Response formats: json, text, verbose_json, wtf

Transcribe vCon

curl -X POST http://localhost:8000/transcribe \
  -H "Content-Type: application/json" \
  -d @my_vcon.json

Returns the vCon with WTF transcription analysis appended.

List Models

curl http://localhost:8000/v1/models

Configuration

Variable Default Description
HOST 0.0.0.0 Bind address
PORT 8000 Server port
LOG_LEVEL info Logging level
MLX_MODEL mlx-community/whisper-turbo Default Whisper model
PRELOAD_MODEL true Load model at startup
MAX_AUDIO_SIZE_MB 100 Max upload size
HF_TOKEN - HuggingFace token for faster model downloads (optional)

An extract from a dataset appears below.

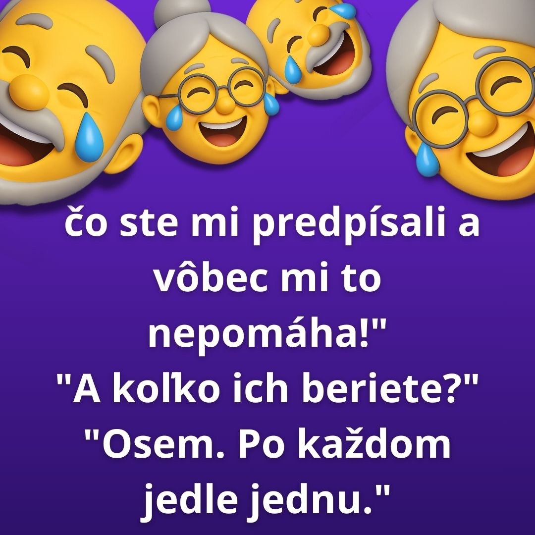 Vtip o tom, ako sa pani Orlíková sťažovala na svoje tabletky na chudnutie.

Copy .env.example to .env to customize. Add HF_TOKEN=hf_xxx to .env before first run to speed up model downloads and avoid rate limits.

Available Models

Short Name Model ID Parameters
tiny mlx-community/whisper-tiny 39M
base mlx-community/whisper-base 74M
small mlx-community/whisper-small 244M
medium mlx-community/whisper-medium 769M
large-v3 mlx-community/whisper-large-v3 1.55B
turbo mlx-community/whisper-turbo 809M

Integration with wtf-server

This server works as a provider for the existing TypeScript wtf-server. Set in the wtf-server .env:

ASR_PROVIDER=mlx-whisper
MLX_WHISPER_URL=http://localhost:8000
MLX_WHISPER_MODEL=mlx-community/whisper-turbo

Publishing

PyPI:

pip install build twine
python -m build && twine upload dist/*

Homebrew: See homebrew/README.md for tap setup. After publishing to PyPI, update the formula url and sha256, then add to your tap.

Development

make install    # Install all deps including dev
make dev        # Run with auto-reload
make test       # Run unit tests
make test-all   # Run all tests including integration
make lint       # Lint with ruff
make format     # Format with ruff

Testing

# Unit tests (no MLX required, uses mocks)
make test

# Integration tests (requires Apple Silicon + MLX)
make test-all

# Coverage
make test-cov

Project details


Download files

Download the file for your platform. If you're not sure which to choose, learn more about installing packages.

Source Distribution

vcon_mac_wtf-0.1.0.tar.gz (136.3 kB view details)

Uploaded Source

Built Distribution

If you're not sure about the file name format, learn more about wheel file names.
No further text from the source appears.